One company that saw an opportunity to carve out a niche in the market by building a business with a focus on specialty vaccines is PaxVax. It addresses a significant need by responding quickly to emerging and overlooked infectious disease areas often neglected by large pharma. Unlike larger companies, PaxVax is willing to serve narrower markets, such as travel, government (e.g., military and pandemic preparedness) and endemic settings. Its size, independence and focus allow it to pursue vaccines in areas where few or no vaccines currently exist.
PaxVax has seen quite some success in this arena: the company has two products on the market – an oral typhoid vaccine and an oral cholera vaccine. The typhoid vaccine is currently licensed in more than 20 countries and is the most prescribed travel vaccine in the U.S. with more than 150 million doses sold worldwide since approval. As it relates to the cholera vaccine, PaxVax was able to complete development from IND to approval in less than five years and was granted a priority review. Both vaccines are currently sold to travelers via travel clinics and military/government sectors.
Given the importance of uninterrupted manufacturing and supply for vaccines, it is worthwhile to mention that the company has also received positive feedback for its products from the U.S. Food and Drug Administration and The Swiss Agency for Therapeutic Products auditors during recent inspections. “I’m quite proud that as a small company, we manufacture our products and have achieved the highest level of quality required by regulators,” Farzan said.
Additionally, PaxVax has a rich pipeline that includes programs for chikungunya, Zika, adenovirus 4/7 and HIV. The company just announced the initiation of a Phase 2b trial for its chikungunya vaccine licensed from the U.S. National Institutes of Health. Chikungunya is an acute febrile disease with headache, muscle pain and skin rashes, with severe, often debilitating, joint pain in infected patients that can persist for years, especially in adults. There is currently no vaccine available to protect against chikungunya.
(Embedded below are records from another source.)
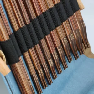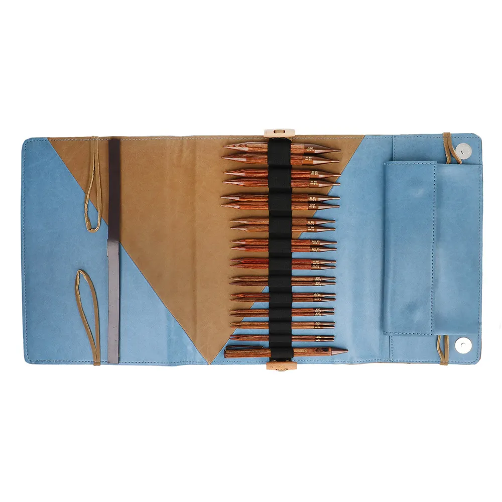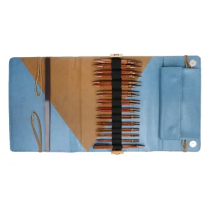 De set wordt geleverd in een stijlvol opbergetui van hoogwaardig kunstleer. Dit etui is niet alleen praktisch voor het opbergen van al je brei-accessoires, maar kan ook worden gebruikt als patroonhouder.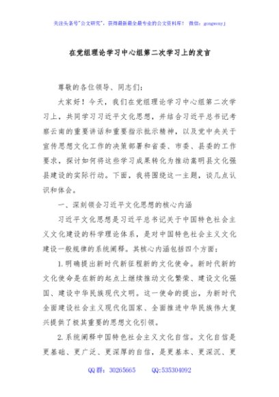 / 在党组理论学习中心组第二次学习上的发言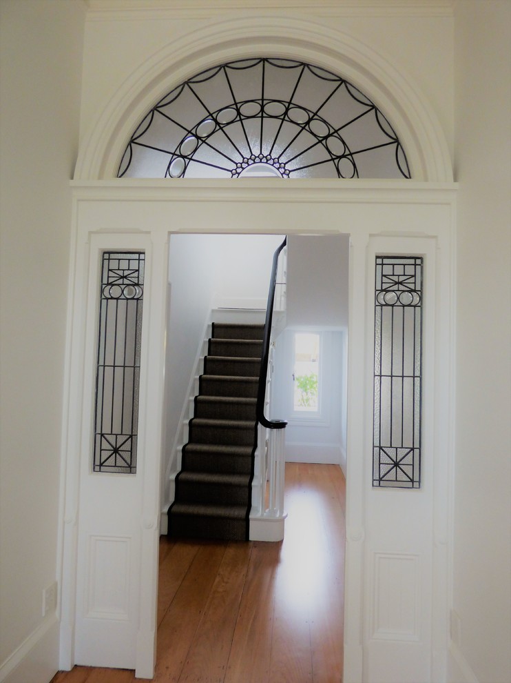 What an entrance, loving all of the glass work and those stairs. It just invites you in and frames the beauty of this historical house. The floors are so warm too.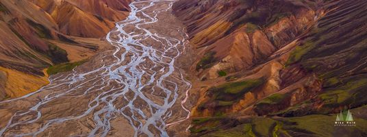 This stunning aerial photograph captures the Jökulgilskvísl River winding through the multicolored rhyolite mountains of Landmannalaugar, Iceland. Countless braided channels carve through the valley floor, reflecting soft light against the warm tones of red, orange, green, and gold. The vivid geology and intricate waterways together form a natural masterpiece, perfectly showcasing the dynamic beauty of Iceland’s highlands. A fine art print that brings the energy, color, and spirit of the Icelandic wilderness into your space.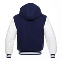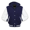 Premium Hooded Varsity Jacket – Navy & White | Wool Body + Leather Sleeves | USA Stock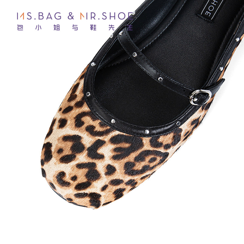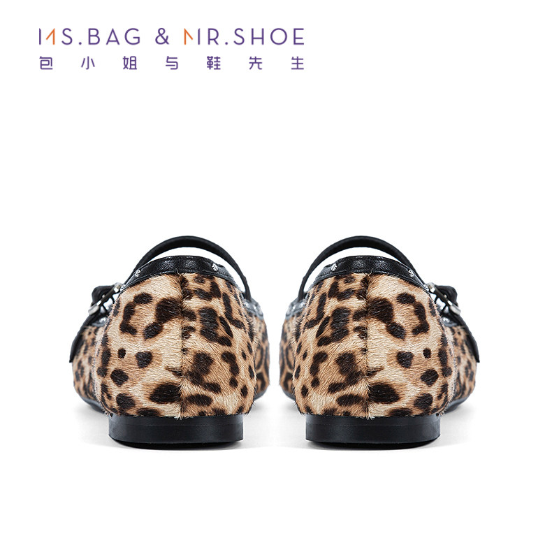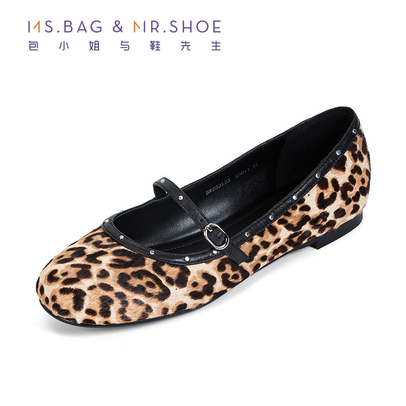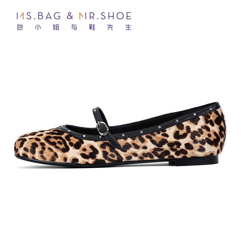 包小姐与鞋先生2025年秋季新款铆钉豹纹印花平底玛丽珍鞋女253123
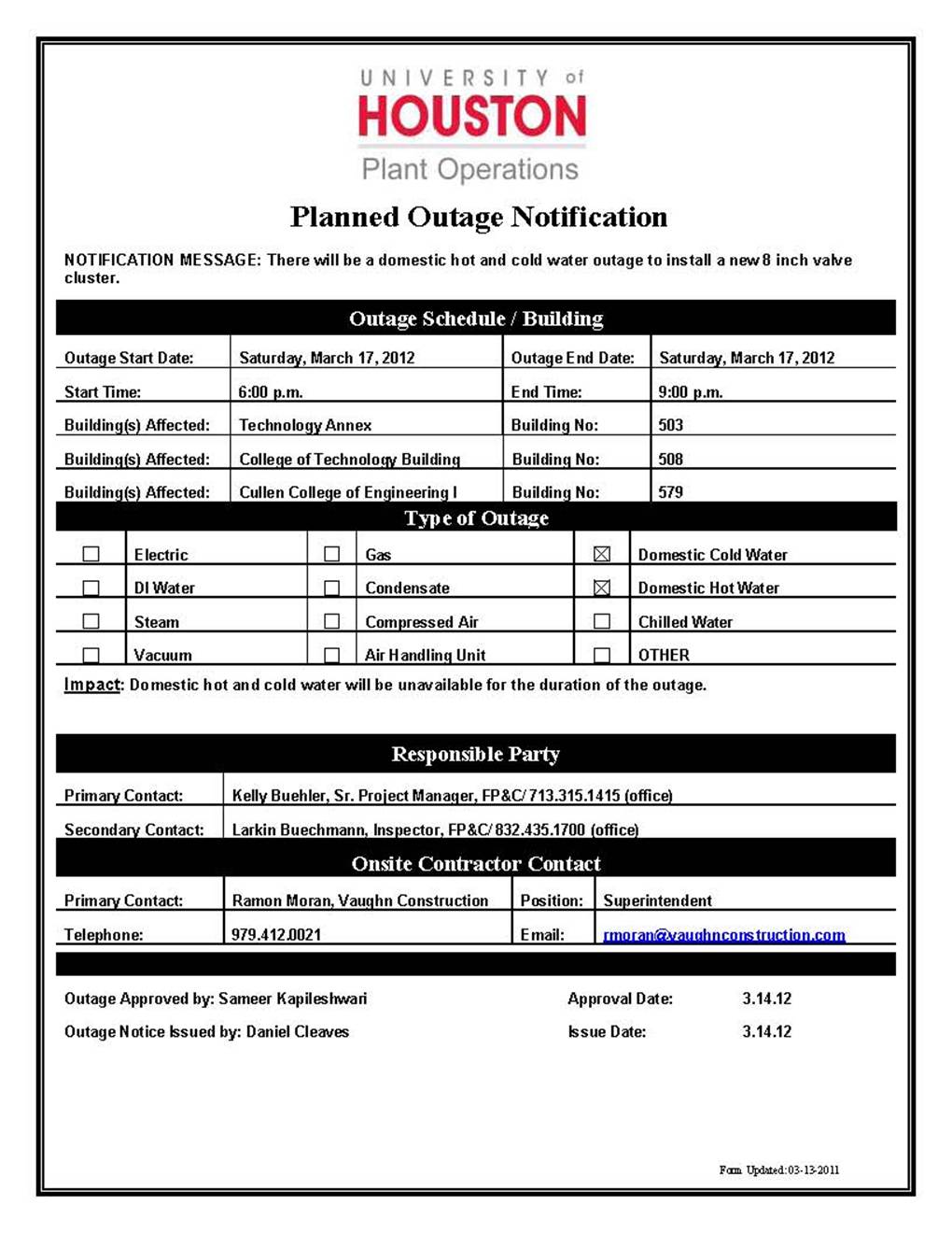 Subject: DOMESTIC HOT AND COLD WATER OUTAGE- TECHNOLOGY ANNEX, COLLEGE OF TECHNOLOGY, CULLEN COLLEGE OF ENGINEERING- (503,508,579)- 3.17.12-3.17.12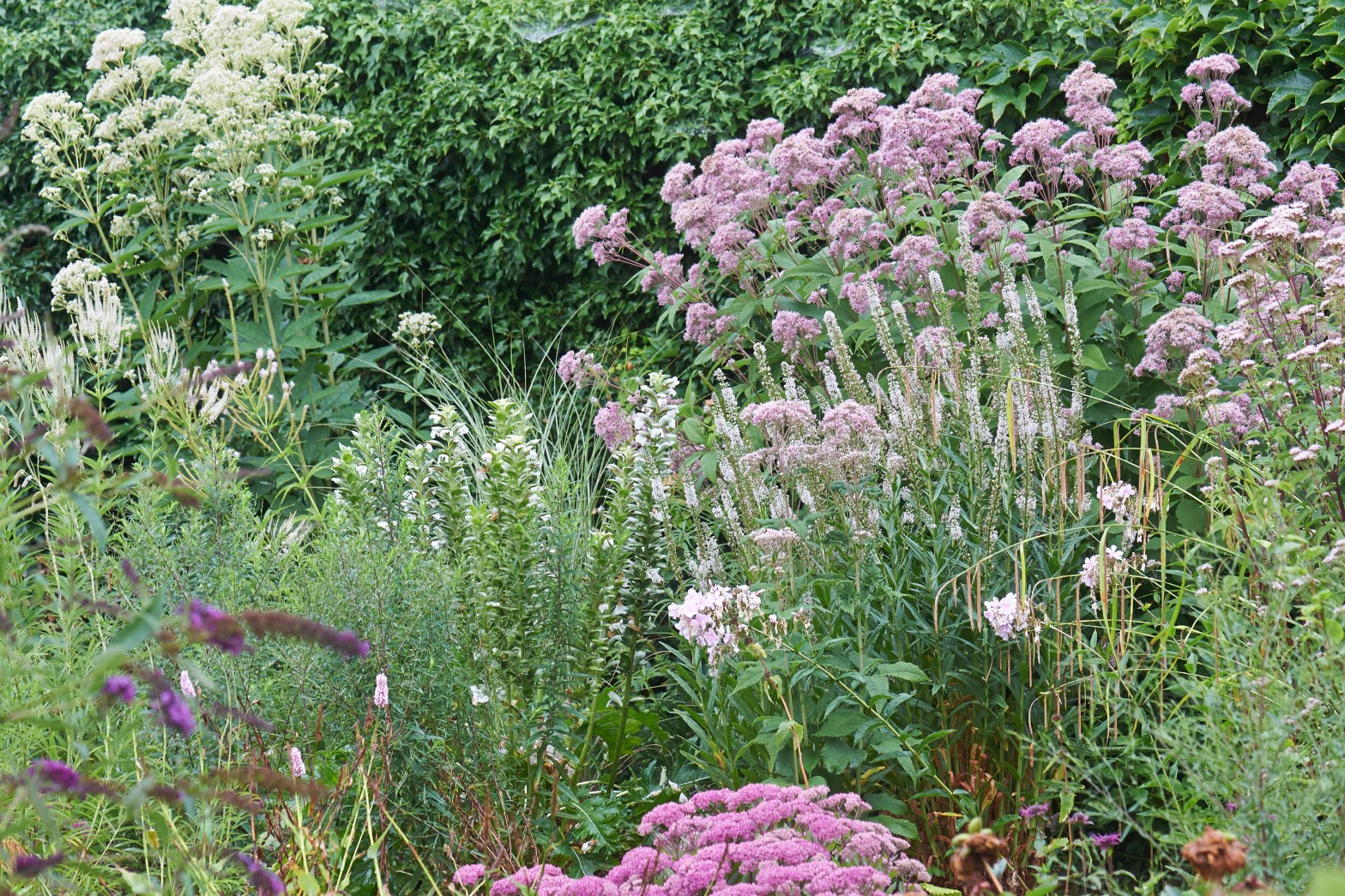 Ik hou wel van een wat hoger groeiende plant. ’t Hoeven niet allemaal bodembedekkers zijn in de tuin. Achteraan in de borders staan dan ook enkele hoogvliegers, ook op esthetisch vlak. Op de foto hierboven zie je drie grote groepen Eupatorium, links de witte Eupatorium maculatum album die makkelijk 250 cm hoog is, in ’t midden achteraan deMeer lezen over “Wolkenkrabbers”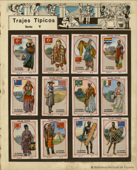 En este álbum encontramos varias referencias a culturas asiáticas, que contrastan llamativamente con el europeísmo reinante en otras series. La primera referencia, y una de las más extensas de este álbum, se encuentra en la quinta serie, dedicada a los trajes típicos. En esta página, bajo un encabezado que muestra una exótica recepción en un palacio a la que acuden personajes de distintos puntos del globo, muestra una colección de trajes, mayoritariamente femeninos, de Egipto, Turquía, India, China, Algeria (sic.), Estados Unidos, Brasil, México, Japón, Canadá, Congo y Australia. Cada cromo muestra a una figura ataviada con la vestimenta típica de la cultura a la que se alude, y como adelantábamos, son mayoritariamente figuras femeninas, aunque en algunos casos (especialmente, los dos últimos) se trata de hombres, para eliminar cualquier atisbo de desnudez impúdica.

The company’s R&D infrastructure is a model for other smaller biopharma companies looking to enter the specialty vaccine market. It is scalable and can incorporate other products either from PaxVax internal pipeline or through acquisition. It serves as a foundation for faster, more effective vaccine development that may protect against future public health emergencies and allows PaxVax to develop and commercialize its products more efficiently.
PaxVax has used a variety of approaches to fund its products and pipeline. “There is no one-size-fits-all approach for financing – one has to be flexible,” Farzan said. PaxVax is willing to explore multiple different avenues of funding – dilutive and non-dilutive funding, private equity financing and strategic partnerships.
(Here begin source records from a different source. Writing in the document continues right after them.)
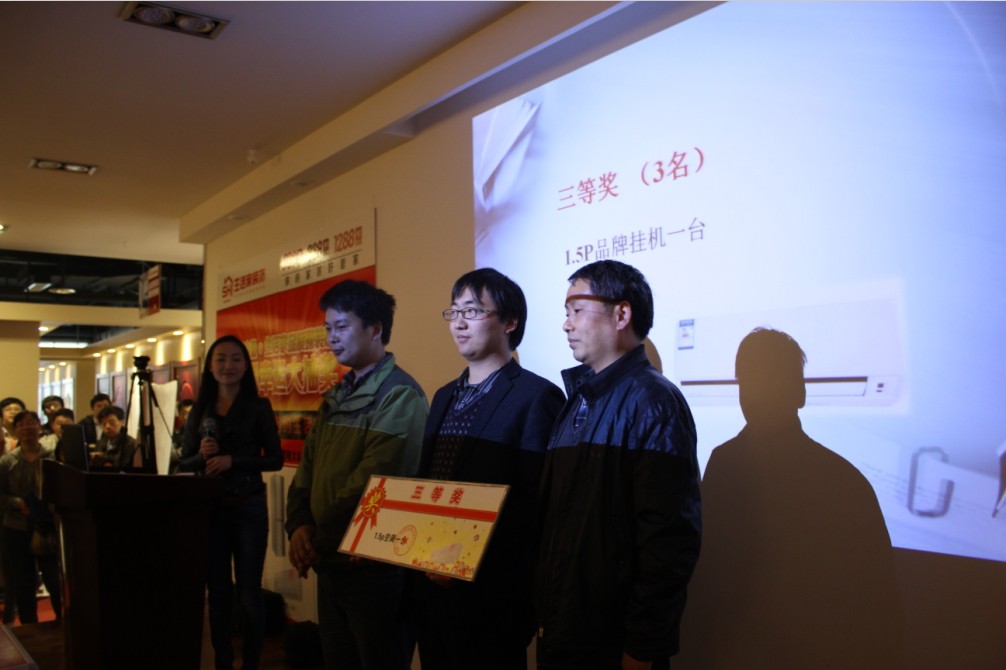 此次抽奖活动设置多重大奖,奖品数量繁多。包括有46寸液晶电视,双门冰箱,滚筒洗衣机,1.5p挂机,3p柜机价值三万元的家电大礼包,健明迪装饰精美纪念礼品等。
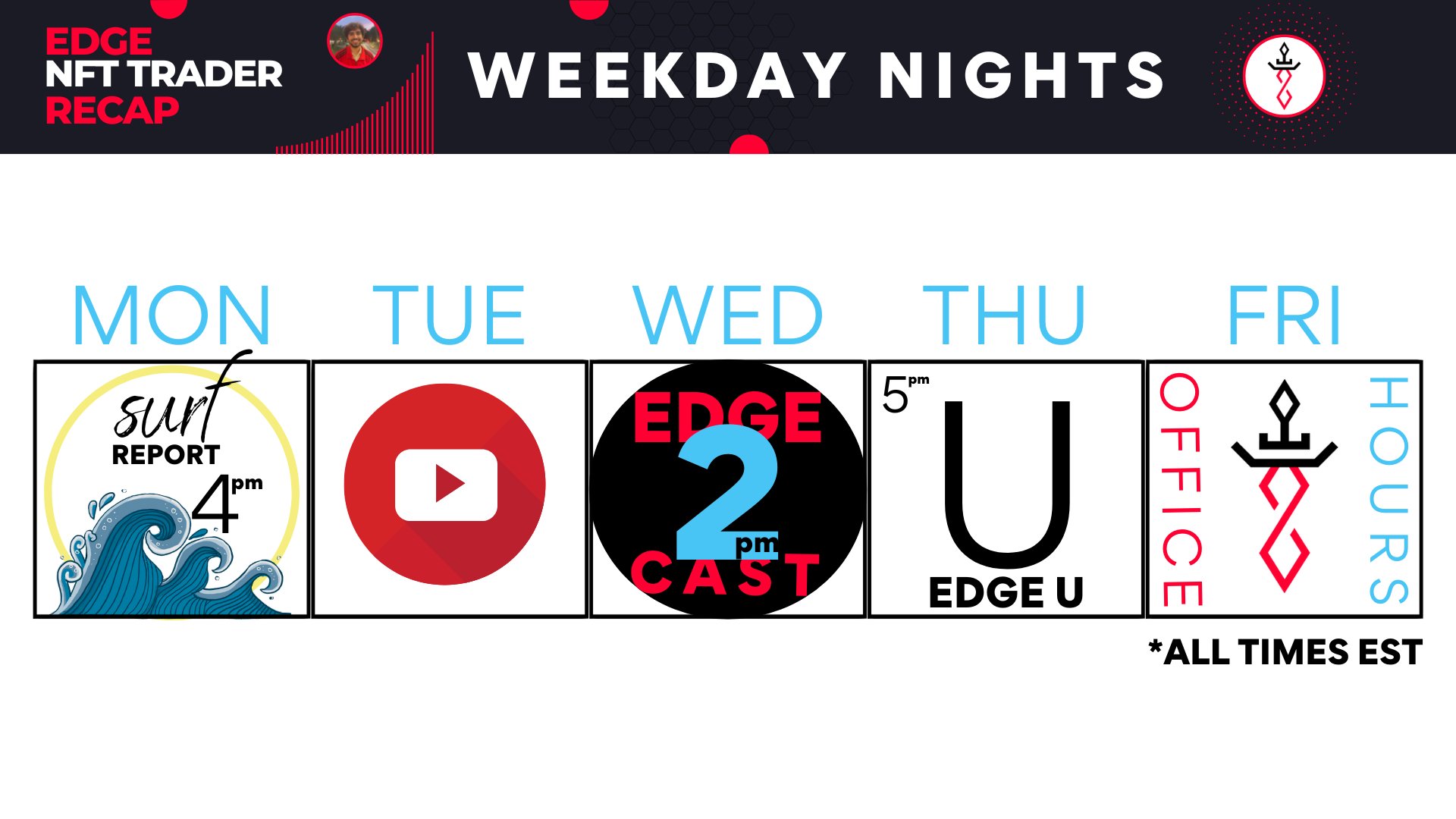 Mon - Surf Report - 4 pm (Twitter) Tue- YT Vid - morning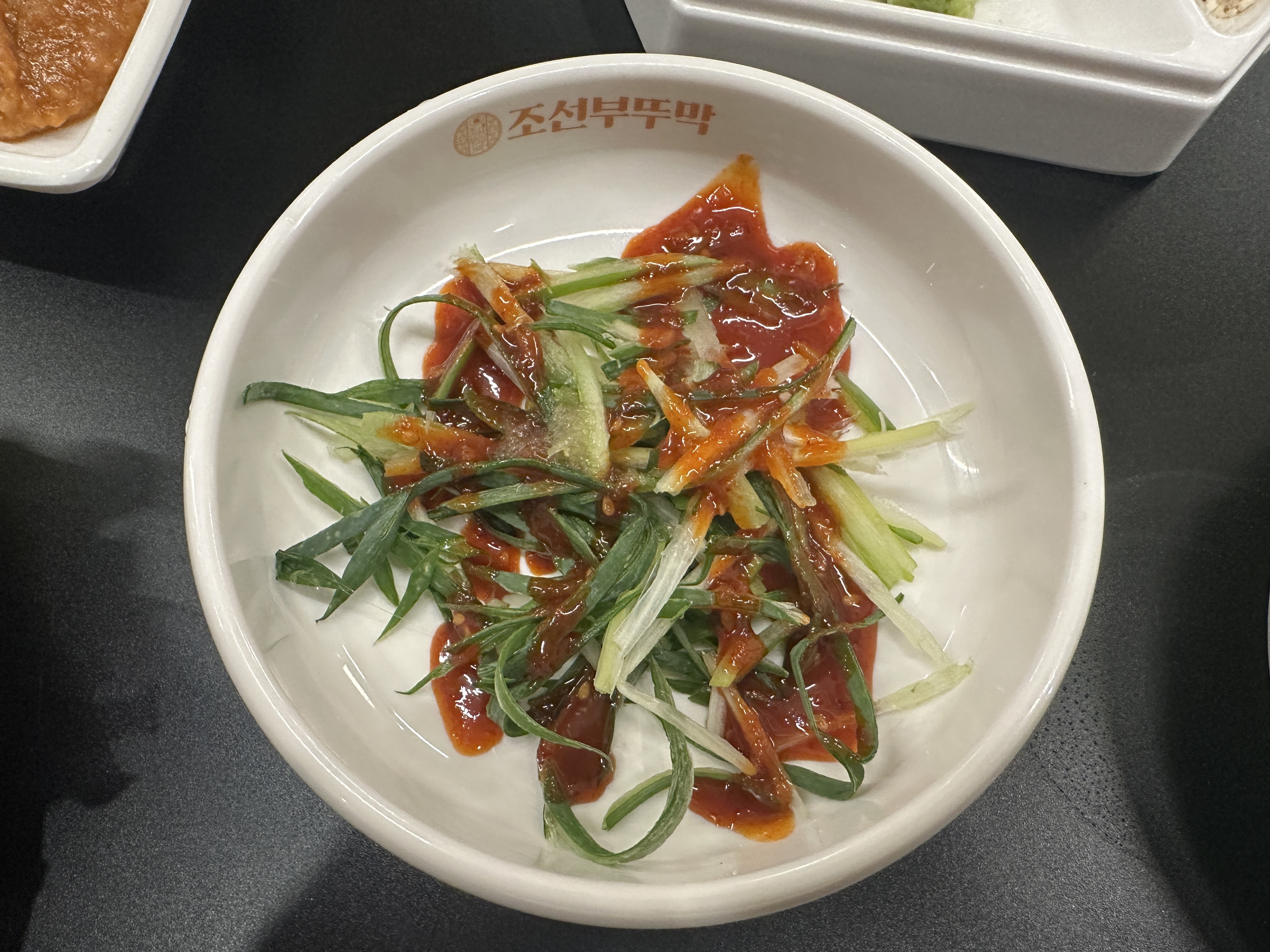 콩나물무침,고사리,숙주,김치등을 고기기름에 구워서 곁들여 먹을 수 있어요.

In 2007 and 2013, PaxVax locked down venture capital investment through Series A and Series B equity financing. In 2015, the company secured a $105 million investment from Cerberus Capital Management. The company is also using prior private equity investment to fund the chikungunya R&D program.
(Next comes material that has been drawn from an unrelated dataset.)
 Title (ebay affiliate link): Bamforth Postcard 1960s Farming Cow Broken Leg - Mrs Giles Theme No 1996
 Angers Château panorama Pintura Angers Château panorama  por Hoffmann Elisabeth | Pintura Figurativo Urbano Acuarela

PaxVax is currently collaborating with the government to develop vaccines for adenovirus 4/7, Zika and HIV. “Funding for the adenovirus 4/7 project comes entirely from the U.S. Department of Defense,” Farzan said.
Additionally, Farzan highlighted an organization called Coalition for Epidemic Preparedness Innovations (CEPI), a public-private coalition that aims to finance and coordinate the development of new vaccines to prevent and contain infectious disease epidemics.
In summary, even though developing specialty vaccines can be seen as a risky enterprise, it also has tangible benefits. Smaller companies, such as PaxVax, have found a niche in the market by developing scalable infrastructure to spur vaccine development. The company’s success points to a largely untapped opportunity for pharma looking to invest in a growing market.